Handle with Care by Jodi Picoult
My rating: 4 of 5 stars
Contemporary Realistic Fiction
“If you chose to stop a loved one’s suffering—either before it began or during the process—was that murder, or mercy?”
“I would never have wished for an able-bodied child, because that child would have been someone who wasn’t you.”
“You were Willow, pure and simple. There was nobody else like you. I knew it the moment I first held you, wrapped in foam so that you wouldn’t get hurt in my arms: your soul was stronger than your body, and in spite of what the doctors told me over and over, I always believed that was the reason for the breaks. What ordinary skeleton could contain a heart as big as the whole world?”

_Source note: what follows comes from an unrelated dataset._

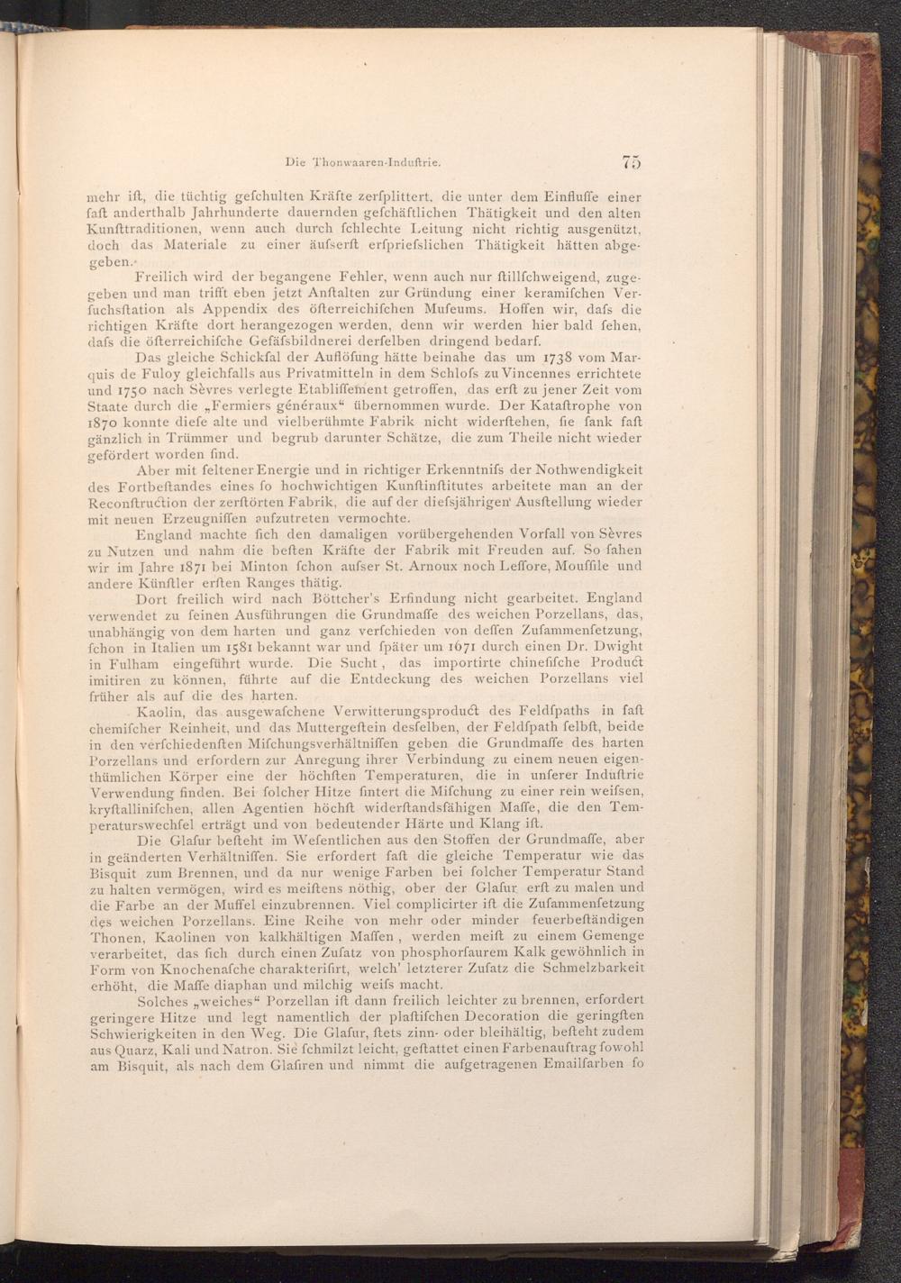 Das gleiche Schickfal der Auflöſung hätte beinahe das um 1738 vom Marquis de Fuloy gleichfalls aus Privatmitteln in dem Schlofs zu Vincennes errichtete und 1750 nach Sèvres verlegte Etabliffement getroffen, das erft zu jener Zeit vom Staate durch die Fermiers généraux" übernommen wurde. Der Kataftrophe von 1870 konnte diefe alte und vielberühmte Fabrik nicht widerftehen, fie fank faft gänzlich in Trümmer und begrub darunter Schätze, die zum Theile nicht wieder gefördert worden find.

Six year old Willow was born with Osteogenesis Imperfecta, which is a brittle bones disease. She will have several hundred broken bones in her, most likely, short life, among an array of other disabilities that will cause pain and constant struggle. Her parents, Charlotte and Sean love her just the way she is, she is perfect. After a nightmarish trip to Disney World, they visit a lawyer who advises them they have a case for a lawsuit, just not the kind they were thinking, a wrongful birth suit.
“I didn’t know if I could muster the courage to sue for wrongful birth. Saying abstractly that there were some children who shouldn’t be born was hard enough, but this went one step further. This meant saying one particular child — my child — shouldn’t have been born. What kind of mother would face a judge and a jury, and announce that she wished her child had never existed?
Either the kind of mother who didn’t love her daughter at all . . . or the kind of mother who loved her daughter too much.”
Charlotte and Sean are at odds in regards to the lawsuit. Charlotte’s motivation is to give Willow the best life imaginable, the best care money could buy however the OB-GYN that she is suing for malpractice is her best friend. Sean is concerned about how Willow will take her mother suing that she should never have been born, no matter how much to the contrary they try to convince her. Another victim in this story is their older daughter Amelia. Already struggling for attention being the sibling of a disabled child, but as the lawsuit progresses she faces new internal demons.
“It had seemed so simple: a lawsuit that acknowledged how hard it was for us, and that would make things so much better. But in my haste to see the silver lining, I missed the storm clouds: the fact that accusing Piper and convincing Sean would sever those relationships.”
“You can tell yourself that you would be willing to lose everything you have in order to get something you want. But it’s a catch-22: all of those things you’re willing to lose are what make you recognizable. Lose them, and you’ve lost yourself.”
This is a heart jerker of a book for sure. Written in several points of view, directed toward the daughter Willow. It’s certainly a conversation starter, I constantly found myself going to my husband over and over again about what I was feeling as I read. I understand the attraction of money, to be able to give your child the best care possible, and insurances coverages are ridiculous, if not criminal. However could you really assure your child that you don’t wish they were never born when that is precisely what you are telling everyone else?
I found myself gravitating to the sister, Amelia, the loneliness that must come from being the sibling of a child with a disability, especially one like OI where the parents are so engrossed with keeping them safe. I don’t blame the parents, I couldn’t imagine the difficulty, but I think it is so important to make sure your other child is still shown love and affection. I struggled with this, among others.
“Once upon a time there was a girl who wanted to put her fist through a mirror. She would tell everyone it was so she could see what was on the other side, but really, it was so that she wouldn’t have to look at herself. That, and because she thought she might be able to steal a piece of glass when no one was looking, and use it to carve her heart out of her chest.”
Every action has an equal and opposite reaction. Is it worth it if the outcome takes away everything you care about? Everything that you’re fighting for?